StringArrayHashmap doesn't allocate for Keys?

I’m trying to list put gnupg groups into hash maps with the group names as keys and values being the Key IDs from the groups. However when returning a StringArrayHashmap from my function the key name appears as a function when iterating over the key values. Does StringArrayHashmap only allocate memory for its values and not keys? You can find the function I’ve written below:

/// Returns a HashMap of all GNUPG groups and their KeyIDs
fn getGPGGroups(allocator: std.mem.Allocator) !std.StringArrayHashMap([]const []const u8) {
    var groups = std.StringArrayHashMap([]const []const u8).init(allocator);
    const res = try std.ChildProcess.run(.{
        .allocator = allocator,
        .argv = &.{ "gpg", "--list-config", "--with-colons" },
        .cwd = null,
        .cwd_dir = null,
    });
    defer {
        allocator.free(res.stderr);
        allocator.free(res.stdout);
    }

    var stream = std.io.fixedBufferStream(res.stdout);
    const reader = stream.reader();

    var line = std.ArrayList(u8).init(allocator);
    var ids = std.ArrayList([]const u8).init(allocator);
    defer {
        line.deinit();
        ids.deinit();
    }

    const writer = line.writer();
    while (reader.streamUntilDelimiter(writer, '\n', null)) {
        // Clear the line so we can reuse it.
        defer {
            ids.clearRetainingCapacity();
            line.clearRetainingCapacity();
        }

        if (!std.mem.startsWith(u8, line.items, "cfg:group")) continue;
        if (line.items[line.items.len - 1] == '\r') _ = line.pop();

        var line_iter = std.mem.splitScalar(u8, line.items, ':');
        _ = line_iter.first(); // cfg
        _ = line_iter.next(); // group
        const group_name = line_iter.next().?;
        const keyIds = line_iter.next().?;
        var id_iter = std.mem.splitScalar(u8, keyIds, ';');
        while (id_iter.next()) |id| {
            try ids.append(id);
        }
        std.debug.print("{s}\n", .{group_name});
        try groups.put(group_name, ids.items);
    } else |err| switch (err) {
        error.EndOfStream => {}, // Continue on
        else => return err, // Propagate error
    }
    
    return groups;
}

Any help here would be greatly appreciated!
I use the test below, I have one group that I called ‘helo’ just to test.
But get a segmentation fault when performing the test outside of the function.

test "getGPGGroups" {
    const alloc = std.testing.allocator;
    var groups = try getGPGGroups(alloc);
    defer groups.deinit();

    try std.testing.expect(groups.contains("helo"));
}

Edit
I realize I didn’t include any test data, The group line for my group ‘helo’ looks like this.
cfg:group:helo:AFEC18BD8EDE74098290EB125D93694E918198B9;8071489F45AB0284A6AE258F04934E5882A67089

From the documentation:


So yeah, you need to allocate keys on your own.
The easiest solution would be to use an ArenaAllocator, then you don’t need to keep track of freeing all the strings individually, instead you just need to deinit the arena once you are done using the HashMap.

3 Likes

So if I understand correctly I should replace the testing allocator with the arena allocator and perform allocator.dupe() on the group_name variable?

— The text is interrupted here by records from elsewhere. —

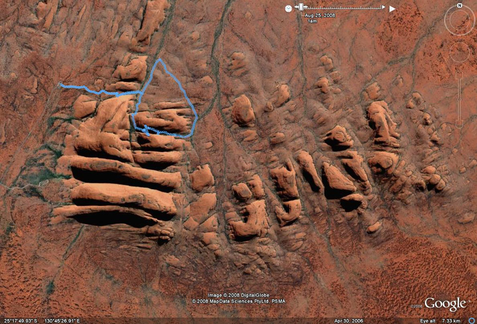 The GPS track ( in blue, 8.5 km/5.3 m) of our Valley of the Winds walk at Kata Tjuta superimposed on a Google Earth map
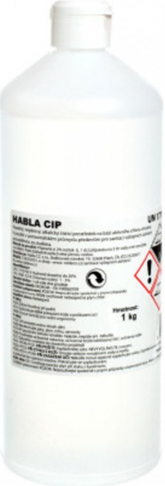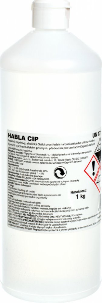 Přípravek sanitační HABLA CIP, 1 KGPřípravek sanitační HABLA CIP, 1 KGPoužití přípravku:Je vhodný k veškerým druhům čištění zařízení, nádrží, tanků, potrubí a hadic v potravinářském průmyslu. Výrobek působí velmi dobře i za studena. Po použití je nutné provést opláchnutí pitnou vodou. Podle stanovených provozních podmínek 0,1 - 3 % , teplota: 0 – 85 °C, kontaktní doba 20 – 30 minut. Není vhodný na barevné kovy a hliník.Složení: chlornan sodný do 10%, aktivní chlor do 10%, hydroxid draselný 5 – 15%, pomocné látky, fosfáty.Fyzikálně-chemické vlastnosti: pH cca 12,5 – 13,5, (1% roztok, 20 oC), hustota cca. 1,2 g/cm3, tekutina.Nádoby uchovávejte dobře uzavřené na chladném a suchém místě při teplotě do + 15 °C. Vždy dodržujte bezpečnostní opatření:Symbol nebezpečí: C žíravý. Nebezpečná látka: Chlornan sodný.R-věty: 31 Uvolňuje toxický plyn při styku s kyselinami. 34 Způsobuje poleptání. 22 Zdraví škodlivý při požití.S-věty: 1/2 Uchovávejte pod uzamčením a mimo dosah dětí. 26 Při zasažení očí okamžitě důkladně vypláchněte vodou a vyhledejte lékařskou pomoc. 36/37/39 Používejte vhodný ochranný oděv včetně ochranných rukavic a ochranné brýle, nebo obličejový štít. 45 V případě úrazu nebo necítíte-li se dobře, okamžitě vyhledejte lékařskou pomoc.Před použitím výrobku je uživatel povinen vyzkoušet vhodnost jeho použití. Firma PRAGOPOLAIR s.r.o. nenese odpovědnost za náhodné škody, ani za škody v důsledku nesprávného použití, nebo prodeje výrobku jinému odběrateli. URČENO POUZE PRO PROFESIONÁLNÍ UŽIVATELE!
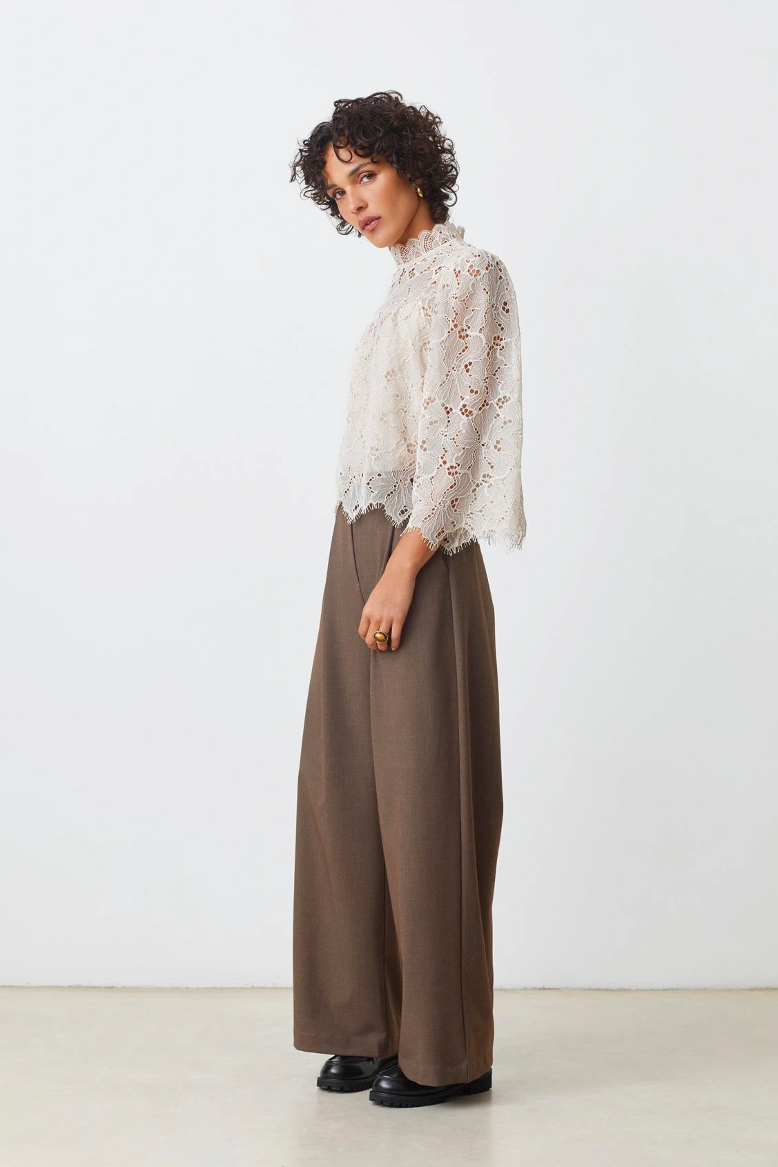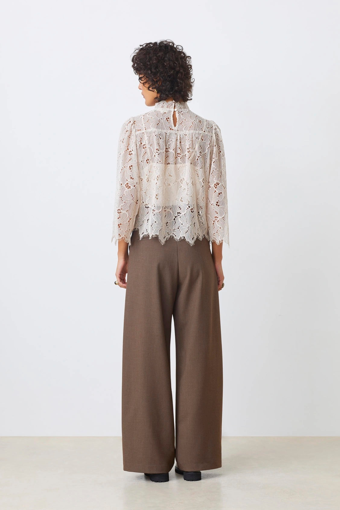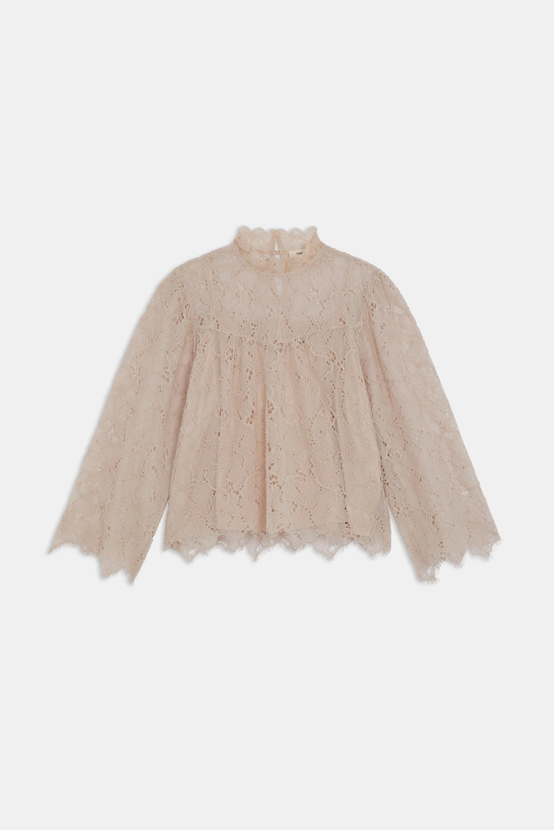 Lucia Blouse fra Suncoo Paris. Lucia Blouse er en kort blondebluse med høy hals og trekvartlange ermer i blonde. Modellen har knappelukking med to knapper bak i nakken og er helfôret. Normal i størrelsen.

Yes, allocator.dupe will allocate a new string for each key and if using the arena, it’s deinit will free them all at once. If not using the arena, you can iterate over the keys and free them before calling deinit on the hash map itself:

defer {
    const keys = map.keys();
    for (keys) |k| allocator.free(k);
    map.deinit();
}
1 Like

All the version of HashMap (except Array), so StringHashMap and AutoHashMap are one-line wrappers around the regular HashMap with a special compare function - no more no less. Anything you would need to do for HashMap you need to do with String and Auto HM.

HM will not duplicate my slice or pointer keys (I hope it doesn’t) , so String/Auto will not either.

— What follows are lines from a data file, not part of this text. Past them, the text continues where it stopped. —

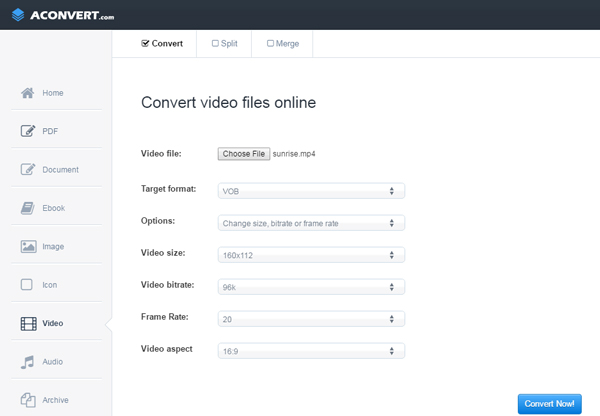 Visit the official website of Aconvert, and choose “Video” on the left to enter the Aconvert video converting interface. First, we need to import MOV file by clicking “Choose File”.
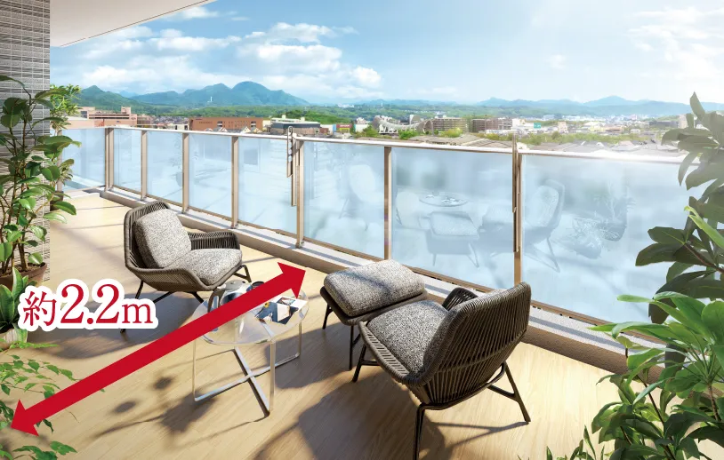 最大出幅2.2mのバルコニーを全邸に採用しています。
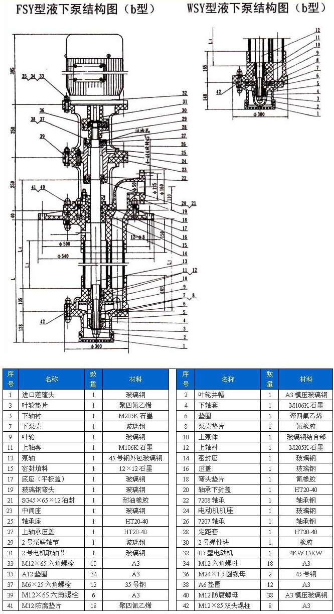 公司生產(chǎn)的FSY型立式玻璃鋼液下泵,該泵因伸入貯罐,貯槽的深度長短不同,設(shè)計(jì)液下深度有800mm-3000mm之間任意選擇。只要液體高于泵體,即可不灌液而起動(dòng)送液,平蓋板下設(shè)有泄漏孔,液體不會(huì)向貯灌外泄漏。 本泵與介質(zhì)接觸的零部件,系用聚已烯醇縮丁醛改性酚醛玻璃纖維,經(jīng)高溫模壓成型的酚醛玻璃鋼制件,連接管、出液管采用半干法卷制工藝制成的酚醛玻璃鋼管,葉輪軸套的裝配均用酚醛膠泥和泵軸粘成一體,液下各部裝配均用酚醛膠泥粘結(jié),伸入液下全無金屬與介質(zhì)接觸,耐腐性能絕對(duì)可靠,產(chǎn)品具有輕質(zhì)、高強(qiáng)、不變形、耐溫、耐腐蝕等優(yōu)良性能,在防腐方面可部分替代含鉬不銹鋼、鈦及鈦合金等貴重金屬。

The source code is now in the docs, so hopefully people notice from the source at the bottom that is just creates am HM with a different compare function.

Thanks for the tip!
I really want to try to keep the testing allocator as I want to get better at managing memory.

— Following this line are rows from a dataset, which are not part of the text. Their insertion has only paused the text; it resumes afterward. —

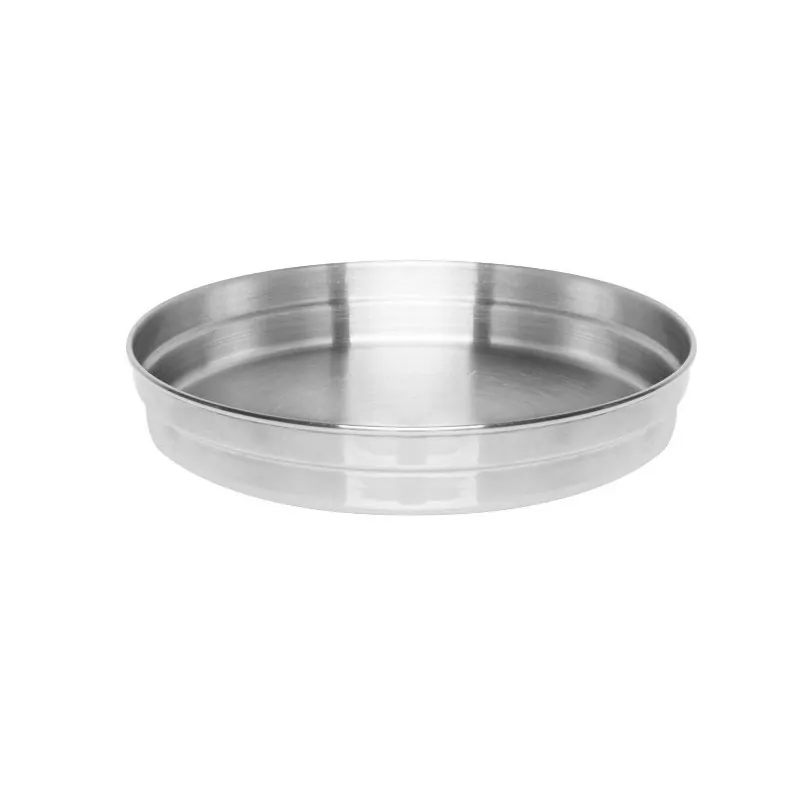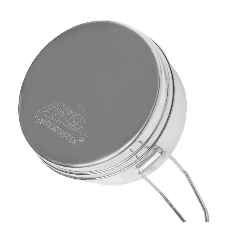 Helikon-Tex stainless steel dining set in metallic color which is a replica of the Czech army cookware. It consists of a large container with a lid that you can use as a plate and a smaller container.
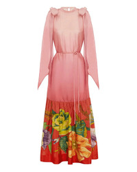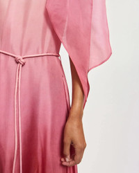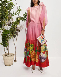 The Inez Silk Gown in Pink Ombre by Alemais is a sleeveless, relaxed fit midi dress featuring self-ties at the shoulder, gathered skirt hem, and self covered belt crafted in a floral printed silk. - Center back keyhole opening - Round neck - 100% Silk Habotai - #5222D
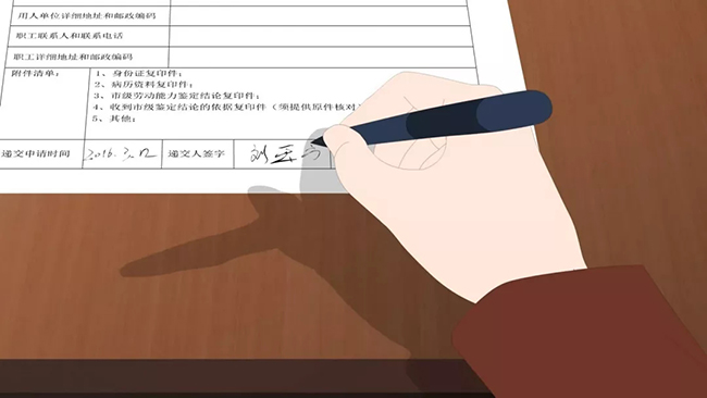 在勞動(dòng)能力鑒定委員會(huì)辦公室里,建筑公司人力資源部劉主任正在填寫(xiě)有關(guān)小強(qiáng)復(fù)查鑒定的申請(qǐng)表。

Thanks for the help everyone!
I don’t know why I missed the documentation stating that the caller handles key memory. I guess I just automatically (mistakenly) assumed that everything that takes an allocator allocates everything the implementation touches.
I’ll mark @IntegratedQuantum’s answer as the solution but really appreciate @dude_the_builder’s tip on how to free keys in a map.